Double bluffing to make the result look better.


----------



## Santino (Jan 12, 2011)

butchersapron said:


> Double bluffing to make the result look better.





I am shocked.


----------



## butchersapron (Jan 12, 2011)

I bet that tory was a lib-dem as well.


----------



## Santino (Jan 12, 2011)

I've found a picture of the alleged person but it's FAQ-bustingly huge.


----------



## little_legs (Jan 12, 2011)

butchersapron said:


> Tbh, i didn't see newsnight, i was going from Paul Mason's blog. According to the Guardian(3.14):
> 
> 
> 
> Was he questioned over this then? Sounds like it from what you say.



Yep, Diamond's questioning was part of the Today in Parliament last night.
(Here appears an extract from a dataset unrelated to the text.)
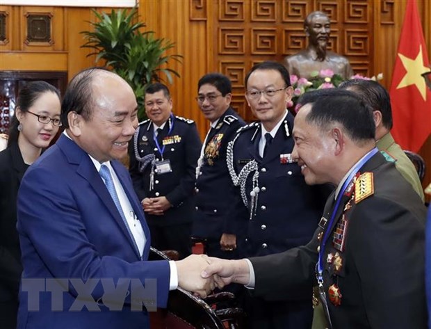 | Thủ tướng Nguyễn Xuân Phúc tiếp các Trưởng đoàn dự Hội nghị ASEANAPOL 39. (Ảnh: Thống Nhất/TTXVN) |

Some old man asked Diamond: "Have you been approached by the PM or the Chancellor about your bonus?" to which Diamond replied: "I've never been approached by either of them".


----------



## OneStrike (Jan 12, 2011)

According to political pundits on twitter, today was the first time since 97 that no lib had a question during pmq's, a sign that there issue is with the leadership perhaps?
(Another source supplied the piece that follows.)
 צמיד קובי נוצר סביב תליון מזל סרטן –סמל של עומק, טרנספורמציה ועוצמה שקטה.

I posted the same in the other thread.


----------



## ViolentPanda (Jan 12, 2011)

nino_savatte said:


> It looks like he's straining to push out a hard stool.


 
Or to accommodate Gideon's fist.


----------



## butchersapron (Jan 13, 2011)

> Former leader Menzies Campbell reckons that "the outlook is increasingly fair, to borrow a meteorological parallel", and tells me all is enthusiasm and good cheer in Oldham


.


----------



## butchersapron (Jan 13, 2011)

Genius, the lib-dems lie are now extrending into the past.

Vince Cable - "Keynes would be on our side"
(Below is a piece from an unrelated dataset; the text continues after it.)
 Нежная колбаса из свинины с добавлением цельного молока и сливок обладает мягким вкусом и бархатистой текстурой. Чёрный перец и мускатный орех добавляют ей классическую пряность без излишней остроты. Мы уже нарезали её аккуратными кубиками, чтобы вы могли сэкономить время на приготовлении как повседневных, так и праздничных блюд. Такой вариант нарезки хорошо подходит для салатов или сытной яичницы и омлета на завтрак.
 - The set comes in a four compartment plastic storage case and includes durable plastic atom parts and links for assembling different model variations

> Cable argues in this week's New Statesman that the famous economist would back the coalition's economic policy.



Despite 50 years of arguing the exact opposite in word and deed. 

Bit of choice red-baiting from the most popular politician in the land as well - not new territory for this one. No giggling girls to upset him this time mind.


----------



## butchersapron (Jan 13, 2011)

Excellent - Clegg might not even have won the Lib-dem leadership contest.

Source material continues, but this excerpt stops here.